Part II — Hands-On Stateful Services
Participants then move to hands-on exercises on NVIDIA BlueField-3 platforms using NVIDIA Launchpad. They develop packet-processing functionality, including forwarding, filtering, table lookups, and packet transformations, in the ConnectX packet processing pipeline using DPL (DOCA Pipeline Language) and DOCA Flow, reinforcing the concepts introduced earlier.

Part III — Transport Programming on SmartNICs
The tutorial then expands from packet processing into transport-layer customization. This session covers programmable congestion control, custom transport logic, NIC-based transport abstractions, and the broader research challenges that arise when transport functionality moves onto programmable NICs.

Part IV — Hands-On Transport Experimentation and Host Integration
Finally, participants explore transport programmability experimentally. Through hands-on exercises using DOCA PCC (Programmable Congestion Control) and DPA (Data Path Accelerator) programming, they customize transport-layer functionality, evaluate performance trade-offs, and examine host-NIC coordination. The goal is to present SmartNICs not as isolated packet devices, but as heterogeneous, programmable systems spanning packet processing, transport functionality, slow-path execution, and host-level integration.

Expected Audience and Prerequisites

This tutorial is intended for:

networking researchers exploring programmable data planes,
systems researchers working on transport, offload, or AI networking,
educators introducing programmable networking platforms, and
industry practitioners deploying SmartNICs, DPUs, or related programmable NIC technologies.

Prerequisites

Participants should have:

basic networking knowledge,
familiarity with programming in C, P4, or similar languages, and
a laptop capable of running the provided VM/container environment.

Laptop Requirements

Participants should bring a laptop to access a remote lab environment used in the hands-on sessions. No specialized hardware is required. The exercises will run on NVIDIA BlueField-3 platforms and will include packet-processing and transport-programmability experiments using DOCA-based tooling. Tutorial materials will be made available before the session.

Biographies

Fernando M. V. Ramos (fvramos@tecnico.ulisboa.pt) is an Associate Professor at the Instituto Superior Técnico, University of Lisbon, and a Senior Researcher at INESC-ID. His research interests include programmable networking, networked systems, security, and the interplay of AI with systems and networking. He is currently co-chair of the P4 Education Working Group. Before joining IST, he held positions at the Faculty of Sciences of the University of Lisbon, the University of Cambridge, Telefónica Research, and Altice Labs. He holds a Ph.D. from the University of Cambridge.
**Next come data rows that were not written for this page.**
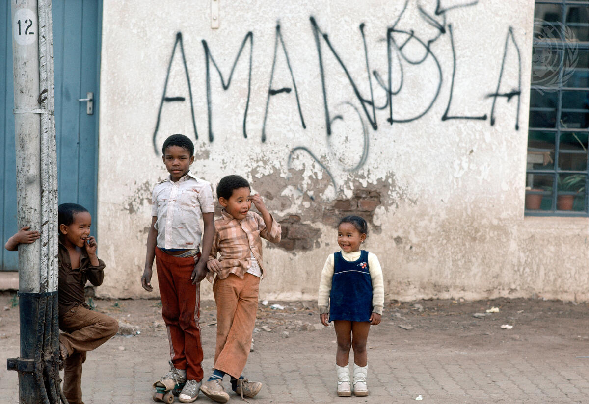 Children of Soweto, a black township some ten miles away from Johannesburg. The Zulu word "Amandla" scrawled on the wall means "Power" and has been adopted as a rallying call in the struggle for black rights.
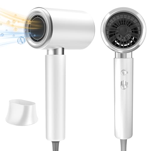 【大風量でスタイリッシュなドライヤー】1200Wハイパワーからの大風量は短時間で髪を速く乾かせるため、しっとり保湿しながら頭皮や毛髪のダメージを軽減してくれます。13.8m/s の大風量!驚きの強風で速乾を実現。毎朝、髪を洗っても、さっとスタイリングして、すっきりした気持ちで出かけられます。髪に届く風は60℃以下でも素早く乾かしてダメージから解放する。ハンドル持ちやすく、手触りが良い、軽量・コンパクトでスタイリング時のストレスが軽減、心地よいにご使用いただけます!️【57℃恒温機能&高濃度マイナスイオン】より高速でハイパワーが採用され、僅か数分間以内で、根元から髪を素早く乾燥させることができます。本製品はスマート恒温制御センサーが搭載され、髪へのダメージをしっかり防ぎながら、57℃を超えると電源が自動的にオフになり、ご家族で安全・安心にご使用頂けます。2000万個のマイナスイオンがあるため、髪の水分を保ちながら潤す。静電気を抑制し、パサつき、枝毛、広がりや切れ毛などの問題も改善されます。水分を与え、しっとりとしたまとまりやすい髪へ。⚜️【3つ運転モード&NTC過熱防止機能で安心】ワンボタンでHOT/COLDを自在に切り替え可能。お好みに合わせて切り替えることができる大風量ヘアドライヤーです。3段階風量調節、温風・冷風や強弱の切り替え、髪の仕上げにまとまりやすいです。髪を均一な適温に維持して、過度に乾燥させない。過熱による髪と頭皮へのダメージを防止できます。温風であたためながら髪のくせをのばし、冷風で冷やすことでしっかりくせのびをキープします。大風量がある一方、電気の消費量が低くて、電気代が節約できます。過熱防止装置が搭載され、危険な温度を感知したら、自動的に電源が切れる安全保護機能です。【軽いから楽に乾かせる&マグネット式ノズル】“使いやすさ”にこだわったシンプル設計です。この小型ドライヤーは圧倒的なコンパクトサイズで軽くて使いやすい、重さはわずか460gです。長時間の使用でも腕が疲れにくい軽量ドライヤーです。ノズルは吸着した状態で360°回転可能です。利き手や髪を乾かす持ち手など体勢に合わせて調節できます。マグネット式のノズルは、取り付け・取り外しがワンタッチ。吹出口が狭く、風圧を増してスタイリングしやすくなります。【様々な場合で大活躍&プレゼントにも最適】家庭用だけではなく、業務用ドライヤーとして、負けない大風量と耐久性が持つことで、美容師にも大人気です。かさばりにくく場所をとらないほか、軽量でコンパクトに収納と携帯に便利です。スポーツで、お仕事で、ご旅行/出張で持ち運びにも便利です。クリスマス、誕生日、記念日のプレゼントにも最適です。【製品仕様】本体サイズ 約W12.4×D7.5×H29cm / カラー ホワイト / 材質 PC / 風速 約13.8m /s (MAX) / 消費電力 1200W (MAX) / 重量 約460g / ケーブル長さ 約1.9m。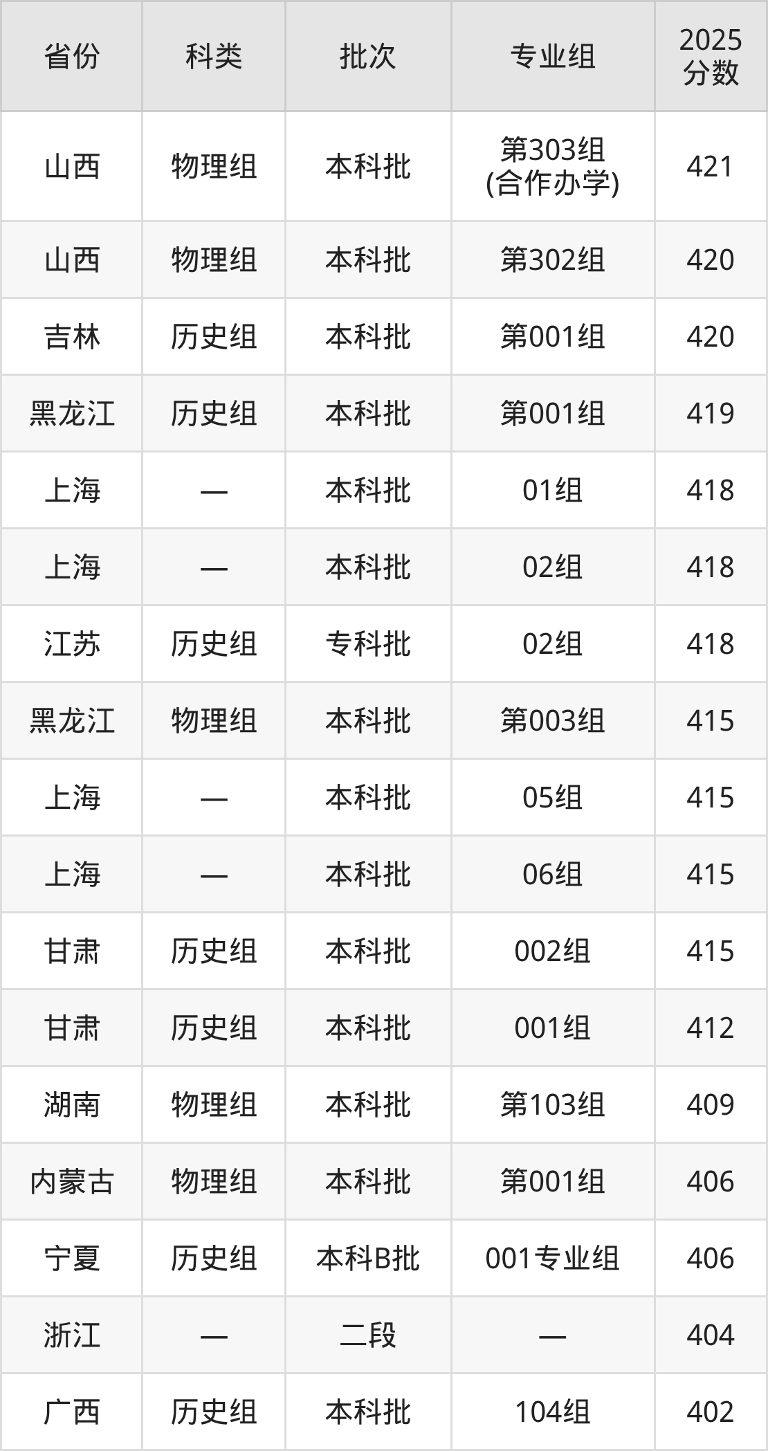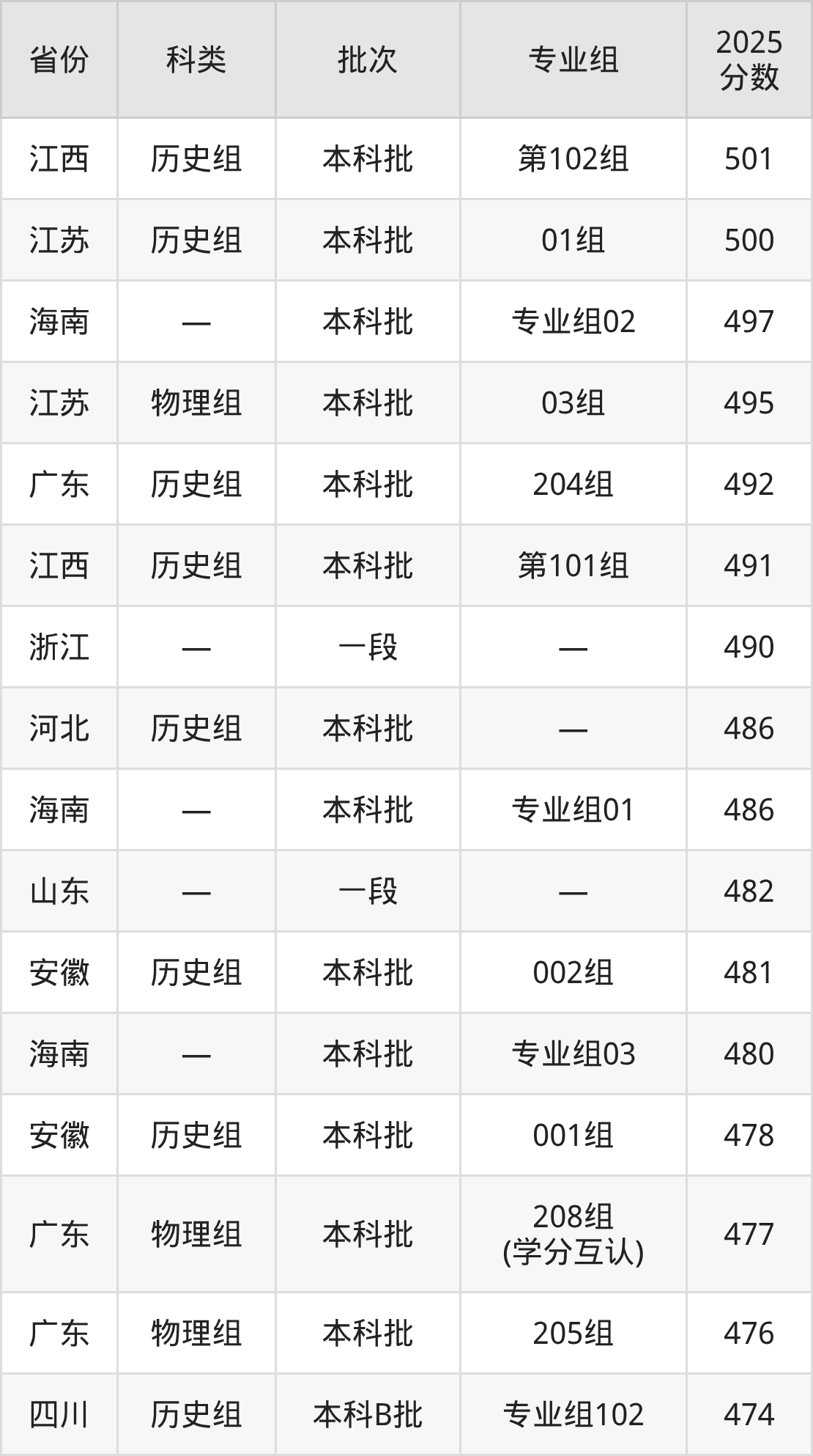 而江西地区历史组考生的分数门槛最高,2025年上海建桥学院第102组在江西招生最低分为501分,考生至少要超本科线15分才有可能被录取。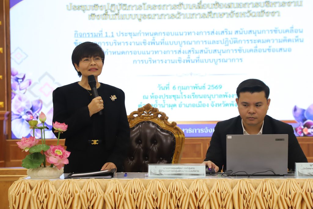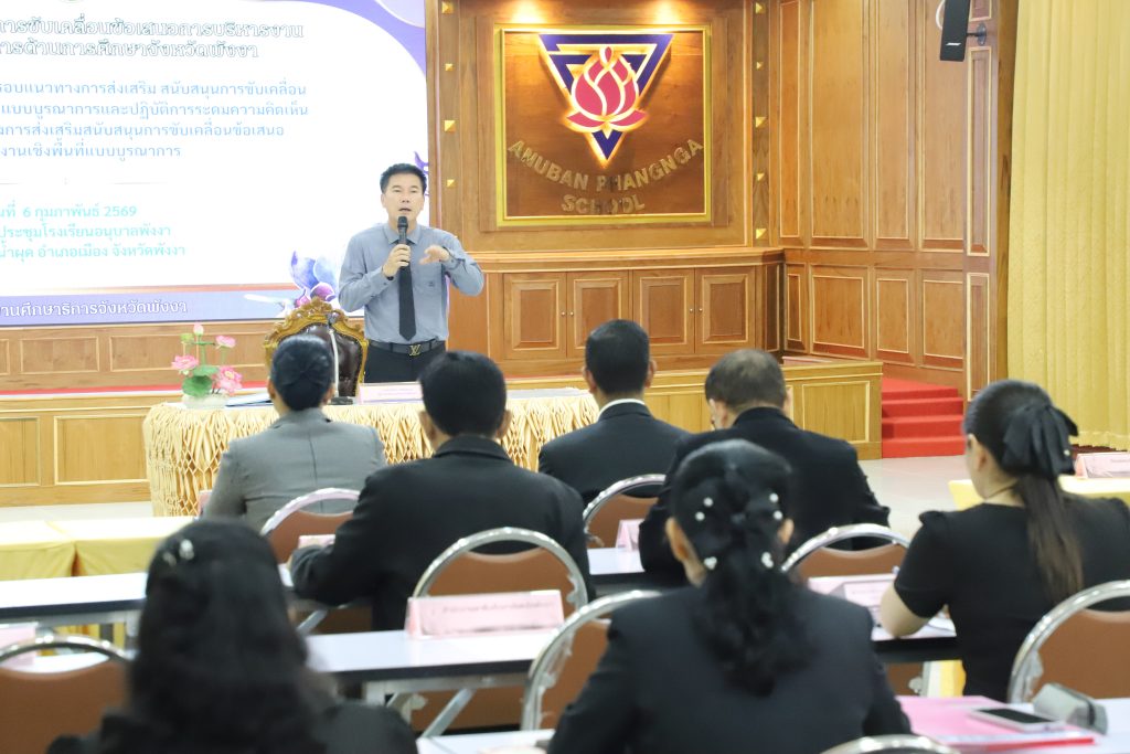 วันที่ 6 กุมภาพันธ์ 2569 สำนักงานศึกษาธิการจังหวัดพังงา จัดประชุมเชิงปฏิบัติการโครงการขับเคลื่อนข้อเสนอการบริหารงานเชิงพื้นที่แบบบูรณาการด้านการศึกษา จังหวัดพังงา ณ ห้องประชุมโรงเรียนอนุบาลพังงา อำเภอเมือง จังหวัดพังงา โดยได้รับเกียรติจากนายไพรัตน์ เพชรยวน ผู้ว่าราชการจังหวัดพังงา เป็นประธานในพิธีเปิดการประชุม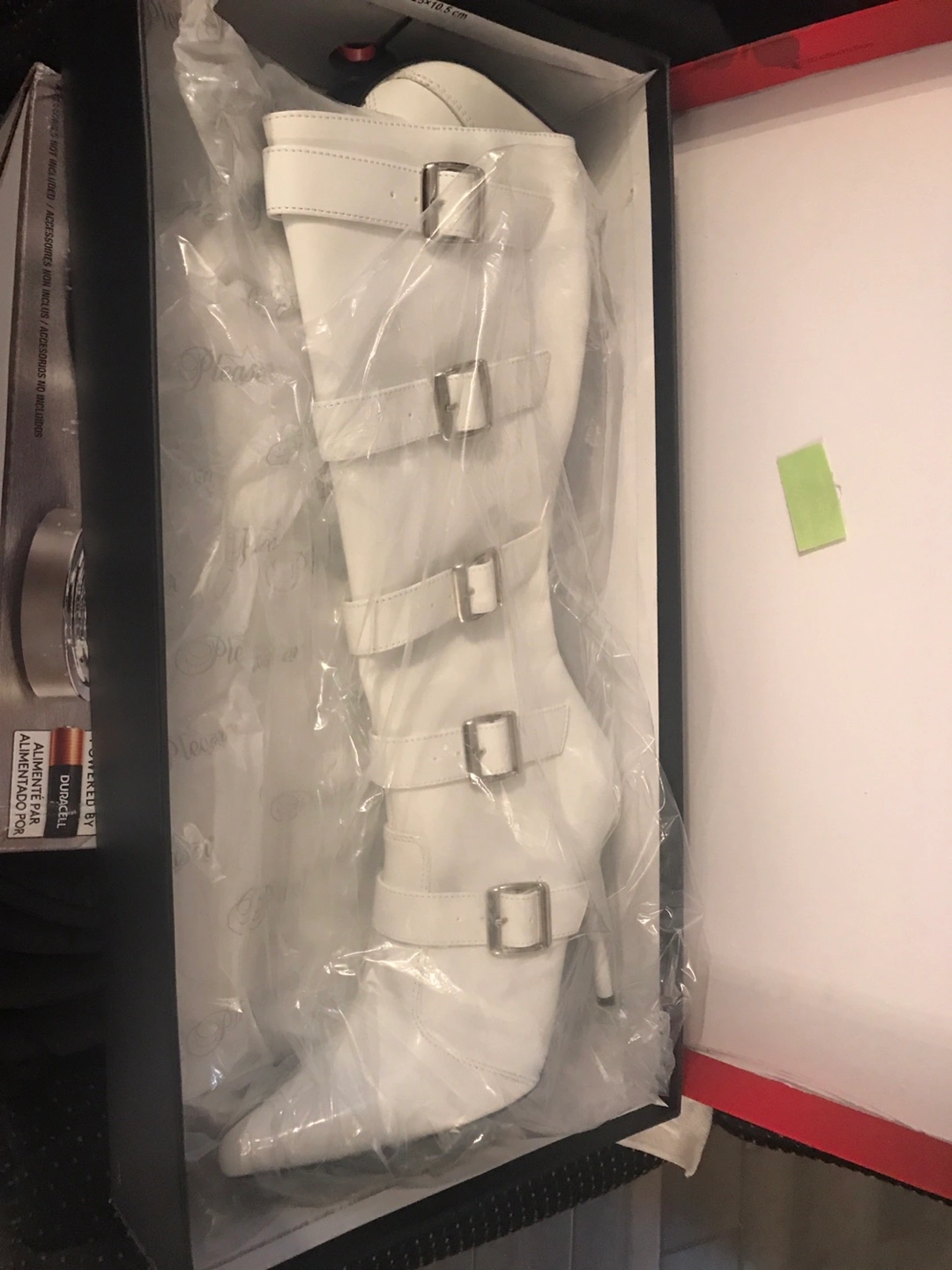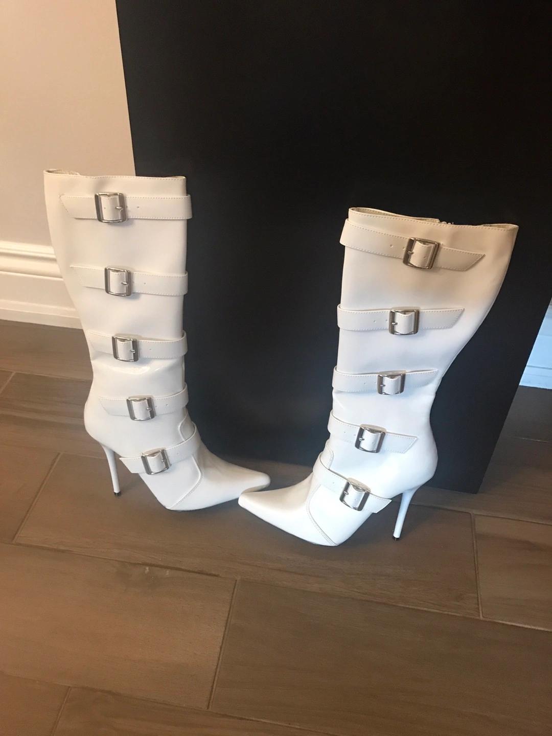 White leather-look knee-high boots. Multiple buckles. Stiletto heel. Size 8M. New in box.
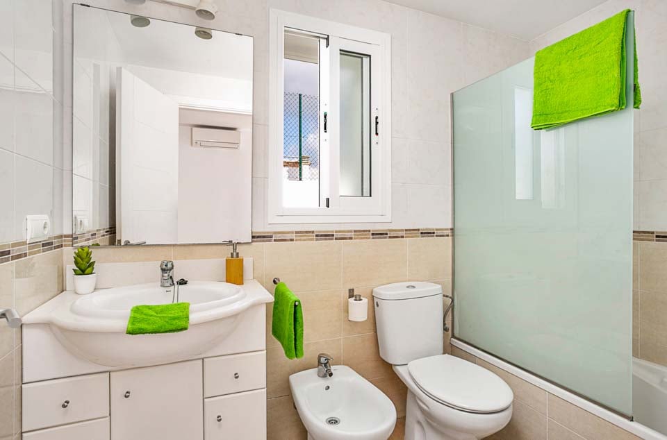 For å komme til villaen er det en 120 cm bred sti langs ett trinn. Inngangsdøren har en bredde på 83 cm, mens døren til terrassen er 85 cm bred. Terrassen er åpen, flat og flislagt. Det er små lepper ned fra terrassedørene ut på terrassen. Selve bassenget har trinntilgang. Dette er en eiendom i første etasje. Alle soverommene har en dørbredde på 70 cm, mens alle badene har en dørbredde på 70 cm. Døren inn til kjøkken/spisestue er 80 cm bred, og døren inn til stuen er også 80 cm bred. *Vær oppmerksom på at selv om vi har gjort vårt ytterste for å sikre at informasjonen som gis er nøyaktig, kan det forekomme feil. Hvis du trenger mer spesifikk informasjon om villaen, ikke nøl med å kontakte oss.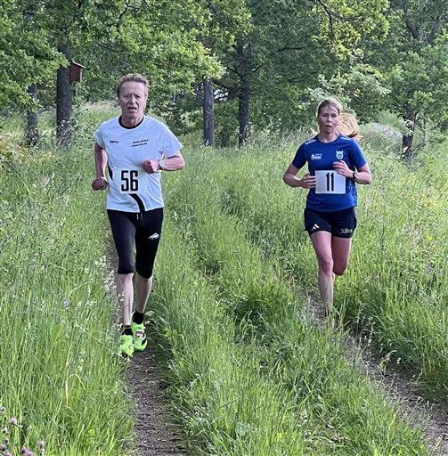Vid vändningen kommer vi ikapp en annan tjej samtidigt som hon som legat i min rygg går upp och drar. Men hon kroknar helt efter en knapp km och nu är det bara jag och en tjej kvar som försöker hålla upp farten. När det är 1km kvar är det lite publik som hejar på henne. "Jag dör" svarar hon. Och typ så kände jag också. Men vi strävar på båda två och håller farten.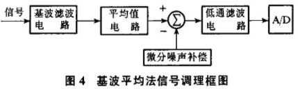 電容隔離法或補償電路不能很好解決感應信號失真和干擾信號被放大等問題.經過大量實驗和對國外電磁流量計的研究,本文提出一種基波平均值轉換的信號處理方法,基于e(t)與峰值、平均值、有效值成正比關系,對信號進行濾波并采用基波平均值處理轉換的方法,可以有效提高電.磁流量計抗干擾的能力.結構框圖如圖4.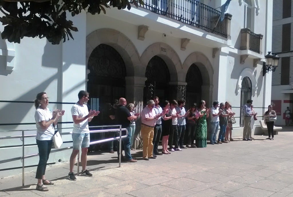 Poco más de 40 personas se han concentrado a mediodía en la plaza de España para rechazar el asesinato de Miguel Ángel Blanco, ocurrido hace 20 años a manos de ETA, y mostrar su apoyo a todas las víctimas del terrorismo. La mayoría eran miembros de la Corporación, representantes de distintos partidos y trabajadores municipales.

Muhammad Shahbaz (msbaz@umich.edu) is an Assistant Professor of Computer Science at the University of Michigan. His research focuses on abstractions, compilers, and architectures for emerging workloads, including machine learning. He completed postdoctoral research at Stanford University and earned his Ph.D. and M.A. in Computer Science from Princeton University. His recognitions include the NSF CAREER Award and the ACM SOSR Systems Award.

Mina Tahmasbi Arashloo (mina.arashloo@uwaterloo.ca) is an Assistant Professor of Computer Science and Canada Research Chair at the University of Waterloo. Her research focuses on networked systems that are flexible, adaptable, formally analyzable, and still able to meet strict performance requirements. She was previously a presidential postdoctoral fellow at Cornell University and received her Ph.D. from Princeton University. Her recognitions include a Canada Research Chair, the N2Women Rising Star Award, the ACM SIGCOMM Doctoral Dissertation Award, and the Microsoft Research Dissertation Grant.

Mario Baldi (mbaldi@nvidia.com) is a Distinguished Architect at NVIDIA. He served for several years as co-chair of the P4 Architecture Workgroup and has held roles in both startups and established networking companies, as well as visiting professorships on four continents. He holds a Ph.D. in Computer and Systems Engineering from Politecnico di Torino.

Additional Information

All supporting materials will be made available at least one month before the tutorial.